In 2008, the appellant applied for an EEA residence card on the basis of being an extended family member of an EEA national within the meaning of regulation 8(2) of the Immigration (EEA) Regulations 2006 (herein after referred to as the EEA regulations.
In October 2009, the Home office granted a residence card valid for 5 years was issued (until October 2014). The residence was endorsed in the appellant’s passport and was retained by the home office until December 2009 when it was returned to the appellant with a letter stating that the application had been refused and that the appellant had a right of appeal.
The appellant subsequently appealed against this decision to refuse his application despite the fact that he had a residence permit in his passport which had not been cancelled or revoked. At appeal, the Immigration Judge was not satisfied that the appellant was entitled to a residence card and his appeal was dismissed. The appellant applied for permission to appeal to the Upper tribunal which was granted.
Issue before the Upper Tribunal
The Upper Tribunal focussed on one main point “is the residence card stamped in the passport a valid card unless or until it is revoked?”

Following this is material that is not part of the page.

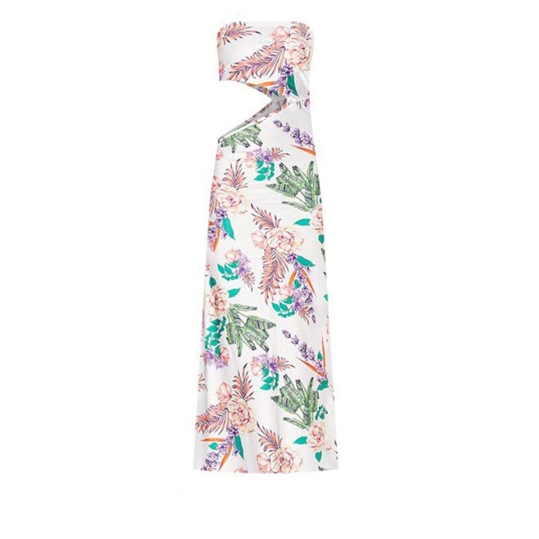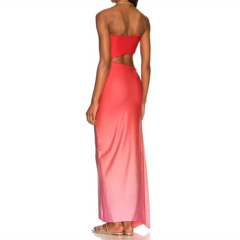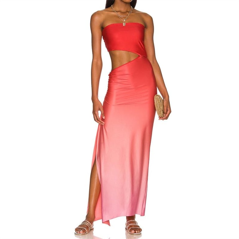 Abito moderno senza spalline con un'apertura sul lato.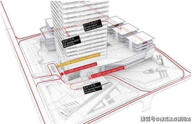 智能化停车系统,办公、居住实现动线分区、错峰停车,独立流线,四面临路、四面开口,居住专属车行入口。

The respondent (home office presenting officer) argued that the grant of a residence permit was a mistake and that the mistake was obvious with respect to the accompanying refusal letter. The Upper Tribunal disagreed. The Tribunal provided that “The fact that it may have been granted by mistake does not make it a nullity. There is no suggestion that it was obtained by misrepresentation.” The Tribunal referred to the fact that the residence permit was stamped in the appellant’s passport two months before the date of the refusal letter. The home office had made an administrative error however, they were expected to communicate that error and properly revoke or cancel the residence permit. Reference was made to the case of Samsam v Secretary of State [2011] UKUT 00165 IAC which considered the circumstances in which residence permits could be revoked.
Error of law
The Upper Tribunal held that the First Tier Tribunal decision contained an error of law as the immigration judge failed to recognise that the residence card had been validly issued and that this was communicated to the appellant.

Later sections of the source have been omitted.